Ontogenic obstacle berkaitan dengan kesiapan anak dalam belajar yang meliputi psikologis, instrumental dan konseptual; 2). Epistemological obstacle berkaitan dengan keterbatasan pemahaman dan penguasaan siswa terhadap konsep, permasalahan, prosedur cara penyelesaian dikarenakan konteks yang diterima siswa sebelumnya; dan 3). Didactical obstacle berkaitan dengan desain didaktis yang digunakan dan intervensi yang dilakukan oleh guru pada saat pembelajaran.
3. Alur Belajar Dugaan (Hypothetical Learning Trajectory/HLT) di dalam penelitian ini merupakan gambaran tahapan belajar dan cara berpikir siswa berupa dugaan yang dirancang guru dalam bentuk aktivitas pembelajaran pada materi operasi hitung pembagian pecahan untuk mendorong ketercapaian tujuan pembelajaran.
4. Antisipasi Didaktis Pedagogis (ADP) dalam penelitian ini merupakan suatu rancangan kegiatan pembelajaran yang berisi situasi didaktis yang dikembangkan, kemungkinan respon siswa, dan antisipasi yang akan dilakukan oleh guru pada pembelajaran operasi hitung pembagian pecahan.

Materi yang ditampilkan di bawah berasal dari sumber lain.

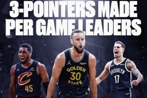 場均三分榜單,庫里唯一4+,場均4.5個領(lǐng)跑全聯(lián)盟!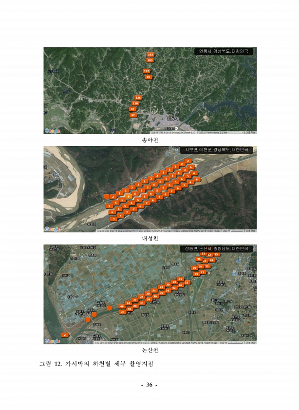 36 송야천 내성천 논산천 그림 12. 가시박의 하천별 세부촬영지점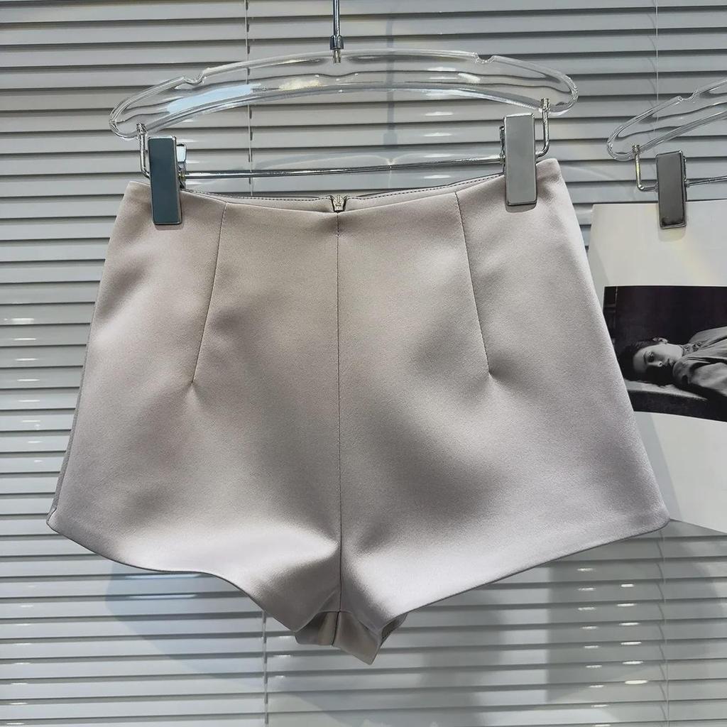 2024 Jaro Korejsko-Francouzský Styl Šortky A-Střihu s Vysokým Pasem ze Saténu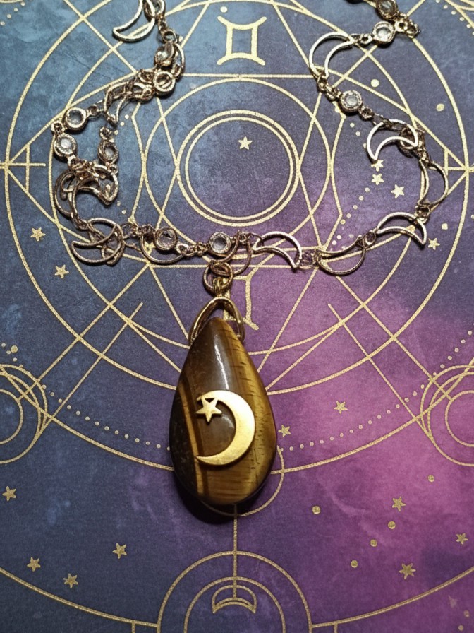 De plus, la chaîne ornée de croissants de lune et de cristaux lumineux renforce l’aura magique de ce bijou. Légère et raffinée, elle met en valeur la pierre avec élégance, créant un ensemble harmonieux et symbolique. Ce collier se porte aussi bien en journée qu’à la tombée de la nuit, apportant une touche mystique et dorée à votre tenue.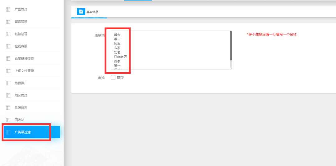 廣告法規(guī)定越來(lái)越嚴(yán)格,廣告詞成了企業(yè)的不敢碰觸的“炸彈”。對(duì)此,此次“萬(wàn)家燈火CMS系統(tǒng)”的升級(jí),可在編輯框中自定義自己領(lǐng)域中的違禁詞,讓網(wǎng)站遠(yuǎn)離“危險(xiǎn)”更安全。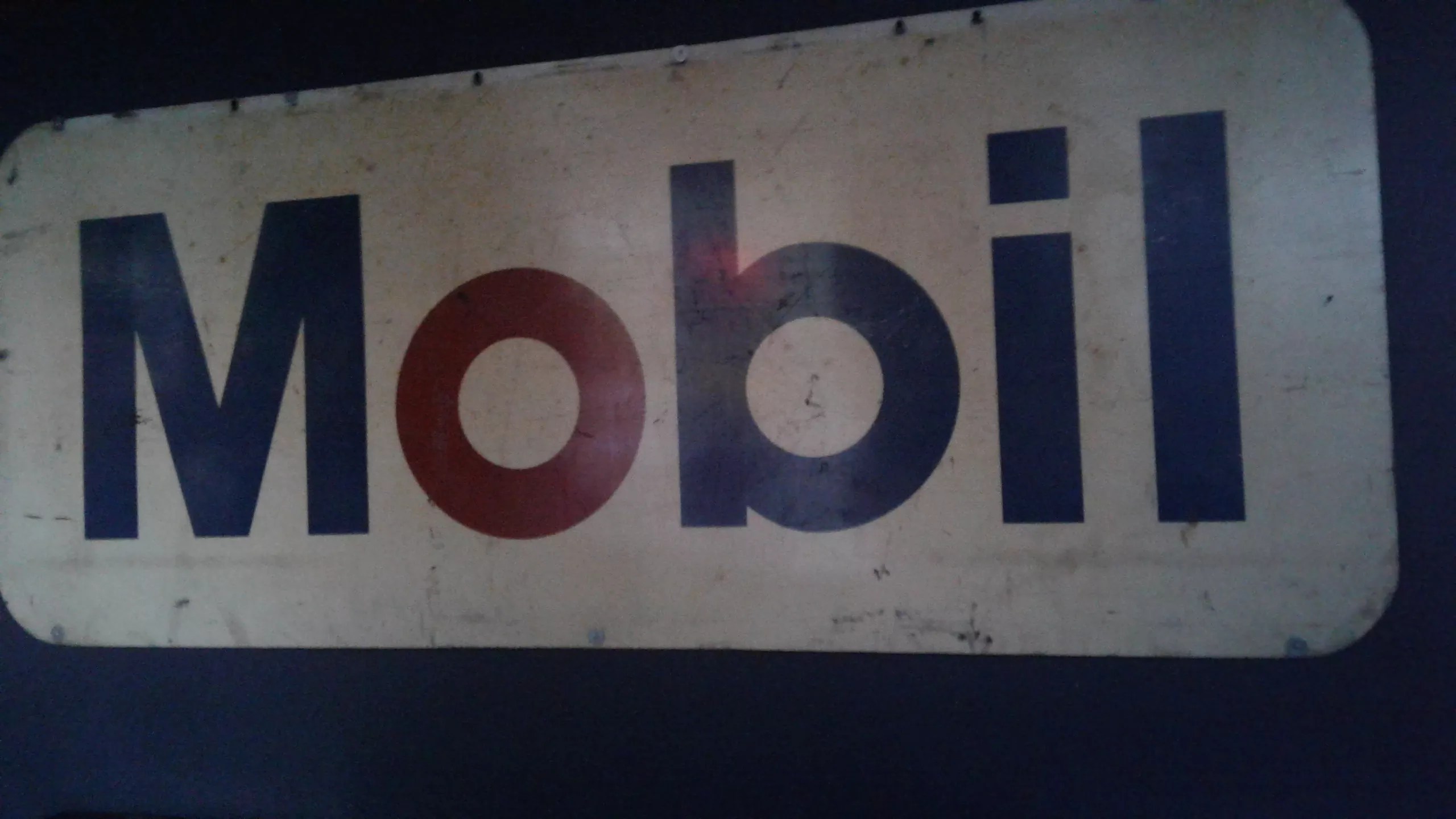 This Mobil sign is one of the collection of antique signs and other automobile-related decorations at the Garage.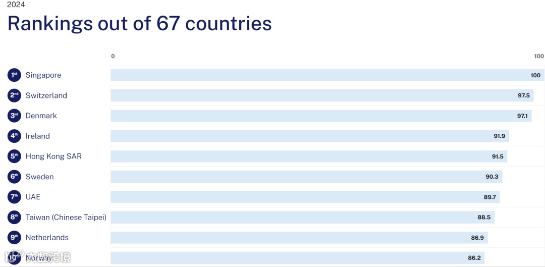 新加坡在2020年至2023年短暂跌出榜首(但仍在前5名之内)后,时隔四年重登榜首,瑞士位列第二,丹麦第三,爱尔兰第四,中国香港则提升两个位置到第五位。此外排名前十的经济体还包括瑞典、阿联酋、中国台湾、荷兰、挪威。
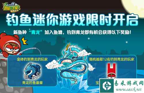 春风得意马蹄疾,新春到来人欢喜!除夕即将到来,《跑跑卡丁车》也在本次更新后,限时开启钓鱼迷你游戏!还有竞争排位赛第3章节第1赛季陪你度过新春!更有<2024春节口令红包>活动,等你来赢取龙年好礼哟~ 点击了解2月8日(本周)更新详情>>> https://popkart.tiancity.yzz.cn/homepage/event/2024/kr240208act/ 点击前往参与2024口令红包活动>>> https://evt08.tiancity.yzz.cn/kart/2351780/home/index.php 此外,在2月15日(下周)更新后,春节BINGO1+1也正式登场!更有温柔感性的“双鱼座宝宝”在新春后,首次与各位车手见面! 点击了解2月15日(下周)更新详情>>> https://popkart.tiancity.yzz.cn/homepage/event/2024/kr240215act/ 【2月8日更新 新春版本来袭】 本次更新后,在2月8日06:00至2月22日05:59期间,游戏内将限时开放“钓鱼迷你游戏”,新鱼种“青龙”加入鱼池,钓到“青龙”的车手,在活动结束后,可获得“青龙钓鱼徽章”~更有机会赢取“宝宝福运礼袋(1个)”的实物周边奖励哦!
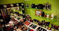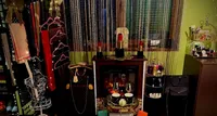 În dressing sunt expuse colecții de pantofi, parfumuri și produse de machiaj.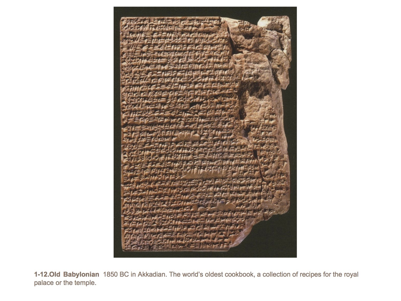 Old Babylonian 1850 BC in Akkadian. The world’s oldest cookbook, a collection of recipes for the royal palace or the temple.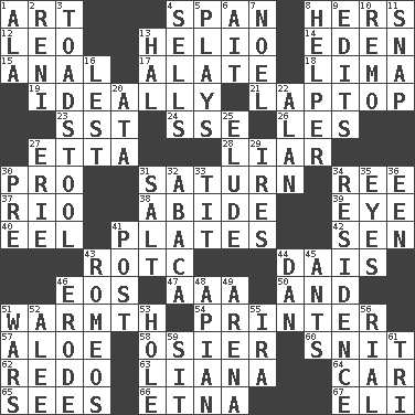 ACROSS 1. Nonscientific branch of learning 4. Connect, as a bridge 8. Possessive pronoun 12. Lion 13. Sun: prefix 14. Locale of original sin 15. Of or related to the anus 17. Having winglike extensions 18. Pale green bean 19. Under perfect conditions 21. Portable computer 23. Fast jet (abbr.) 24. Compass dir. 26. French article 27. Singer James 28. One who doesn't tell the truth 30. Adept person 31. Titan orbits this 34. To sift 37. _ de Janeiro 38. Remain 39. Sight organ 40. Snakelike fish 41. Food holders 42. Elected rep. 43. College mil. group 44. Raised platform 46. Greek goddess of the dawn 47. Auto club (abbr.) 50. Added to 51. Heat 54. Hard copy producer 57. _ vera 58. Flexible twig of a willow tree 60. In a ____ (agitated or irritated) 62. Redecorate 63. Climbing, woody, usually tropical vines 64. Automobile 65. Perceives with the eye 66. Inactive volcano in Sicily 67. Connecticut Ivy Leaguer DOWN 1. Wing 2. Painter Guido (1575-1642) 3. Inedible or poisonous agaric 4. Makes a sale 5. Romps 6. Small island 7. Christmas carol 8. Assistant 9. Proofreads 10. San ____ (Riviera town) 11. Fastener 13. Actor Linden 16. For fear that 20. _ moment's notice (2 wds.) 22. Actor Alda or Thicke 25. Evade 27. 4th largest of the Great Lakes 29. Angers 30. Before (prefix) 31. Table seasoning 32. Phillipine bananalike plant 33. Teat (slang) 34. Home 35. Sight organs 36. Car or cant ending 41. Mail 43. Lover boys 44. One of the 12 tribes of Israel 45. Pismires 46. Wear away 48. Bee-related 49. Sports stadium 51. Armed conflicts 52. Toward shelter 53. Hollow 55. Lyricist Gershwin 56. Monetary unit of Yemen 59. Be seated 61. Three (prefix)

5. Operasi Hitung Pembagian Pecahan di dalam penelitian ini terdiri dari operasi hitung pembagian bilangan asli dengan pecahan biasa; pecahan biasa dengan bilangan asli; pecahan biasa dengan pecahan biasa;, bilangan asli dengan pecahan campuran; pecahan campuran dengan bilangan asli; pecahan biasa dengan pecahan campuran; pecahan campuran dengan pecahan biasa, dan pecahan campuran dengan pecahan campuran.
6. Kelas V pada penelitian ini merupakan partisipan dalam penelitian, dengan rentang usia 10 sampai 11 tahun dengan tingkat perkembangan kognitifnya
menurut Piaget berada pada tahap operasional konkret serta sedang mendapatkan materi pembelajaran operasi hitung pembagian pecahan.
1.6 Struktur Organisasi
Penulisan disertasi ini secara umum terdiri dari lima bab, dengan rincian penjelasan setiap bab dijabarkan sebagai berikut:
1. Bab I Pendahuluan, terdiri dari latar belakang penelitian yang mengkaji eksistensi dan urgensi materi operasi hitung pembagian pecahan sebagai masalah dalam pembelajaran matematika di sekolah. Penjelasan terkait solusi yang ditawarkan untuk mengatasi hambatan belajar yang dialami siswa dalam mempelajari materi operasi hitung pembagian pecahan. Bab ini juga memuat tujuan penelitian, rumusan masalah yang terdiri dari delapan pertanyaan penelitian, dan manfaat penelitian yang dapat dilihat dari segi teori, kebijakan, dan praktik.
2. Bab II Kajian Pustaka, yaitu membahas teori atau konsep yang dibutuhkan dalam membuat desain didaktis, penelitian terdahulu yang relevan terkait materi operasi hitung pembagian pecahan, serta posisi teoritis peneliti terkait dengan materi operasi hitung pembagian pecahan dan desain didaktis.
3. Bab III Metode Penelitian, pada bab ini menyajikan desain penelitian yang dipakai yaitu Didactical Design Research (DDR) dalam menyusun desain pembelajaran. Partisipan dalam penelitian yaitu 10 orang siswa kelas V Sekolah Dasar Negeri yang berlokasi di Kota Bandung. Teknik pengumpulan data dilakukan dengan beberapa cara yaitu observasi, tes, wawancara, dan dokumentasi. Prosedur penelitian berisi langkah-langkah yang dilakukan sebelum penelitian, pada saat penelitian, dan setelah penelitian. Analisis data menggunakan tiga tahapan dalam DDR yaitu analisis prosfektif, metapedadidaktik, dan retrosfektif yang dikombinasikan dengan analisis data kualitatif. Memperhatikan juga etika dan hubungan manusia yang berisi isu etik penelitian dengan merahasiakan identitas partisipan dan tidak memaksa dalam penyampaian data.
4. Bab IV Temuan dan Pembahasan, pada bab ini diuraikan secara rinci hasil penelitian yang disesuaikan dengan pertanyaan penelitian yang ada dalam penelitian ini, dan pembahasan terkait deskripsi mengenai hasil temuan serta melihat keterkaitan antara hasil temuan dan kajian teori yang digunakan dalam penelitian ini.
5. Bab V Simpulan, Implikasi, dan Rekomendasi. Dalam bab ini disampaikan kesimpulan dari hasil temuan dan keterkaitan dengan teori yang digunakan dalam mengkaji penelitian ini, serta memuat beberapa implikasi dan rekomendasi untuk kemajuan penelitian ini selanjutnya.